Selon la Banque mondiale, un Sénégalais sur trois vivrait dans la pauvreté. D’après les estimations, le taux de chômage s’élèverait à pas moins de 40 pour cent, et une grande majorité des emplois seraient informels.
Cri de ralliement
À la suite d’une rencontre organisée dans l’après-midi du 21 novembre entre le Premier ministre, le maire de Dakar et une délégation de marchands ambulants, les autorités sénégalaises ont déclaré que le gouvernement permettrait aux vendeurs de s’installer dans deux rues, les week-ends, et autoriserait un certain nombre d’entre eux à s’établir dans trois zones de la capitale, en obtenant au préalable un permis auprès du nouveau bureau créé à cet effet.
Mais l’annonce de cette décision est intervenue après que les émeutiers eurent barricadé les artères principales de la ville, incendiant des pneus et des tas d’ordures et jetant des pierres sur les devantures des boutiques dont les propriétaires avaient refusé de baisser leurs volets et de se joindre aux manifestants.
Les manifestants ont incendié des voitures et brisé des pare-brises, détruit des feux de signalisation et saccagé les bureaux du maire et les locaux de la Senelec, la société nationale d’électricité.
Les forces de police, armées de gaz lacrymogène, ont arrêté environ 200 personnes. Sur les ondes des radios privées, l’on faisait état de deux personnes grièvement blessées par balle.
« Si rien n’est fait, il y aura d’autres grandes manifestations », a prédit M. Galass, qui vend des jouets pour enfants. « Je n’ai pas peur d’aller en prison, parce que nous défendons notre droit au travail. Notre devise, c’est le travail […] Nos pauvres parents qui vivent à la campagne dépendent elles aussi de notre labeur ».
Prix élevés, salaires faibles
Le même jour, les membres des 18 syndicats sénégalais sont descendus dans la rue dans le cadre d’une manifestation préalablement prévue et autorisée pour protester contre le coût élevé de la vie. À la suite des émeutes de la matinée, les autorités locales ont néanmoins interdit le rassemblement à la dernière minute.
Les manifestants, pacifiques pour la plupart, ont malgré tout été accueillis par les gaz lacrymogènes, les coups de semonce et les matraques en caoutchouc des forces de police, qui cherchaient à disperser la foule rassemblée le long de l’avenue du général de Gaulle, une des artères principales de la ville.
« Les prix des denrées de base ont atteint des niveaux incompréhensibles », a déclaré à IRIN Mademba Sock, coordinateur du Front unitaire des centrales syndicales – qui représente 14 syndicats sénégalais – en allusion à la hausse du prix du riz, du sucre, du lait et du pain.

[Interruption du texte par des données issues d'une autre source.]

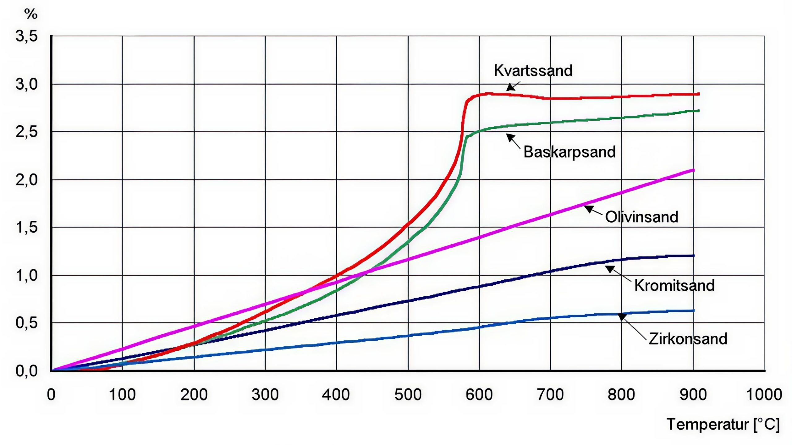 Figur 2. Termisk expansion som funktion av temperaturen för olika sander.

Les représentants des syndicats ont exigé une réduction du prix des denrées alimentaires et du logement, une hausse des salaires et un soutien pour les commerces en difficulté.

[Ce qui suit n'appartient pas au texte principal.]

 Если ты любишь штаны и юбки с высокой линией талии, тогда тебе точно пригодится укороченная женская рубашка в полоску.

Certains des manifestants étaient des professeurs, venus se plaindre des promesses creuses du gouvernement, d’autres étaient des fonctionnaires licenciés sans rémunération, d’autres enfin étaient des citoyens moyens qui n’avaient tout simplement pas les moyens de nourrir leurs familles.
« Les Sénégalais ne font pas trois repas par jour », a indiqué Fatou Samba, ancien professeur. « Le Président dépense des millions de dollars par-ci, par-là tandis que son peuple souffre et meurt de faim ».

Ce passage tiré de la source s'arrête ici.